◆ **Exercise prompt**
Copy each line of the listing below where the word "demonstrators" turns up.

◆ **Study material**

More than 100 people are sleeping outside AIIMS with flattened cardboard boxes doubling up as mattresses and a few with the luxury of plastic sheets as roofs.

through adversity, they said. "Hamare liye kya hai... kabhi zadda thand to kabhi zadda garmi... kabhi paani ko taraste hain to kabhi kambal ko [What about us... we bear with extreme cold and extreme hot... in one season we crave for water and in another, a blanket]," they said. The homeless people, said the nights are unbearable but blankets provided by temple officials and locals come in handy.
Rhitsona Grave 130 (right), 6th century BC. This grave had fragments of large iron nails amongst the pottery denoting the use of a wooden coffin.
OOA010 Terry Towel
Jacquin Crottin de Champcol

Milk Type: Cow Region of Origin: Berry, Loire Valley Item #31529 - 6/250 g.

--

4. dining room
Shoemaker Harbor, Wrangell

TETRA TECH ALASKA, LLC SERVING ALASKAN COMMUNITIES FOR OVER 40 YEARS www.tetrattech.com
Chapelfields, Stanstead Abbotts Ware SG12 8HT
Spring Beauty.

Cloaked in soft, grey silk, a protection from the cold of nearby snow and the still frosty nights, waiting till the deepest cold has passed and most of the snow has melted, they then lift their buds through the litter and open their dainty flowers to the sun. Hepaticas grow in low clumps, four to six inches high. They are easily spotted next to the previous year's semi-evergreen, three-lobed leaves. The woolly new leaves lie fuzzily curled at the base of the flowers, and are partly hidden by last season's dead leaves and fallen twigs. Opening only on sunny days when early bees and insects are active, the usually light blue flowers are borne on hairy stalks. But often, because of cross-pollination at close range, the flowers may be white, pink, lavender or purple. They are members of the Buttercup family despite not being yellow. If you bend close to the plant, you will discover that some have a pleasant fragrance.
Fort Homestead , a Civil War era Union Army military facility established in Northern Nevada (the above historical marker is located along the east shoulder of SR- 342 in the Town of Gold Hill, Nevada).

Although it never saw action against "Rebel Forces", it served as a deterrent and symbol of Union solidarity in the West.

--

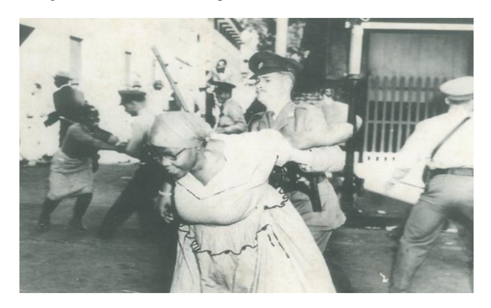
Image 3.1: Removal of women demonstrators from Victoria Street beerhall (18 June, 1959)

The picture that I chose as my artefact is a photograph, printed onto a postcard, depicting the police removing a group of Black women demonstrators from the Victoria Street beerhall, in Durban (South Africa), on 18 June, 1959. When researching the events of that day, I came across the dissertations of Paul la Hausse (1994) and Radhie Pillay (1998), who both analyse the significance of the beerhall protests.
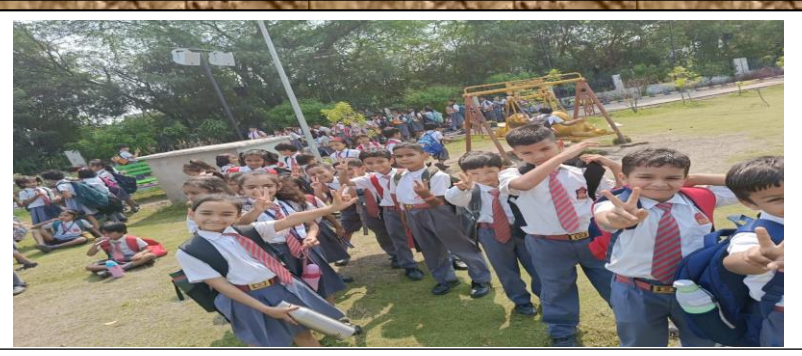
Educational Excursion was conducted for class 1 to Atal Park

◆ **The completed task**
Image 3.1: Removal of women demonstrators from Victoria Street beerhall (18 June, 1959)
The picture that I chose as my artefact is a photograph, printed onto a postcard, depicting the police removing a group of Black women demonstrators from the Victoria Street beerhall, in Durban (South Africa), on 18 June, 1959. When researching the events of that day, I came across the dissertations of Paul la Hausse (1994) and Radhie Pillay (1998), who both analyse the significance of the beerhall protests.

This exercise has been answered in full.